Today, about four months later, this top priority for military spending might strike many Americans as bizarre. After all, a disease pandemic continues to plague the nation (with over 117,850 deaths thus far), a large portion of the economy has collapsed, unemployment has reached the catastrophic levels of the Great Depression, and American cities are torn by strife. Wouldn’t this be an appropriate time to focus America’s financial resources on public healthcare, educational opportunity, decent housing, and a major jobs program―or, in the words of the U.S. constitution, to “promote the general welfare”? But Republican officials argue that these and other public assistance measures are “too expensive.”
What are not “too expensive” are the administration’s big ticket weapons programs, which, even by military standards, are of dubious value. Not surprisingly, Trump continued pouring money into purchasing Lockheed Martin’s F-35 combat aircraft, which, though an operational disaster, had cost U.S. taxpayers $1.4 trillion by 2017. Another pet project, quickly embraced by Trump, was the newest and costliest U.S. aircraft carrier, delivered with fanfare to the Navy in late May 2017 for $13 billion. Its only problem was that it had difficulty launching planes from its deck and facilitating their landing. Yet another very expensive military project is U.S. missile defense. Originally derided as “Star Wars” when Ronald Reagan began promoting it in the 1980s, it has become an obsession with Republicans, who have managed to secure more than $250 billion in U.S. government funding for it thus far. Nevertheless, it continues to fail most of its tests against intercontinental ballistic missiles, despite the fact that these tests are heavily scripted.
One of the most cutting-edged of the U.S. government’s current military weapons projects is the hypersonic missile. Capable of travelling five times faster than the speed of sound (3,800 mph), hypersonic missiles with nuclear warheads are immensely appealing to the military establishments of Russia, China, and the United States. In this case, too, however, there is a serious problem: Given the missile’s incredible speed, it produces immense heat while traveling through the atmosphere, thus diverting or destroying it before it reaches its target. Even so, this weapons project should produce yet another bonanza for Lockheed Martin, the world’s largest arms manufacturer, which has already received $3.5 billion for preliminary work on it.

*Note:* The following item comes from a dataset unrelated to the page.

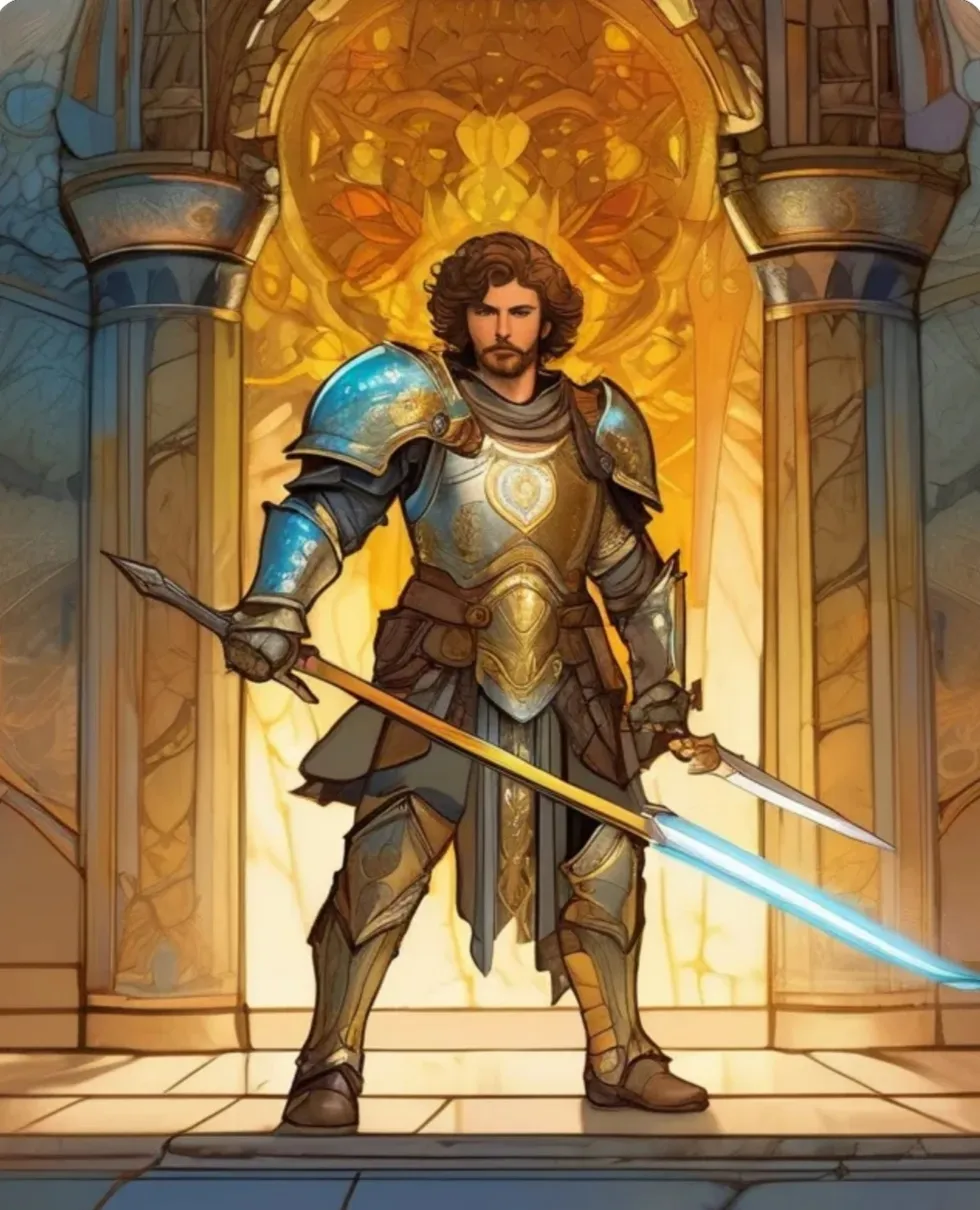 As a paladin, he embodies the virtues of justice, valor, and righteousness. His golden sword, held firmly in his hand, stands as a symbol of his unwavering dedication to defending the cosmic realms from darkness.

Of course, the Trump administration has not forgotten about an array of its high tech weapons that do work. America’s 5,800 nuclear weapons, capable of being launched from land, sea, and air, provide staggering firepower―more than enough to destroy most life on earth. The current nuclear arsenal, however, is viewed as insufficient by the Trump administration, which is engaged in a vast “modernization” program to rebuild the entire nuclear weapons complex, including new production facilities, warheads, bombs, and delivery systems. The price tag for this enormous nuclear buildup, which will occur over the next three decades, has been estimated as at least $1.5 trillion.
Against a backdrop of economic and social collapse, plus potential global destruction, the obvious thing to do is to pull out of this immensely costly and bizarre arms race and, instead, foster arms control and disarmament agreements with other nations. But Trump seems determined to cast off whatever progress in this direction his predecessors have made, scrapping the INF Treaty, withdrawing from the Iran nuclear agreement, terminating the New START Treaty, and scuttling the Open Skies Treaty. For a variety of reasons—rewarding giant corporations, getting reelected, and dominating the world―Trump remains fixated on “winning” the arms race.
When it comes to increasingly desperate Americans, their lives and livelihoods spiraling downward, his message seems to be: Let them eat weapons!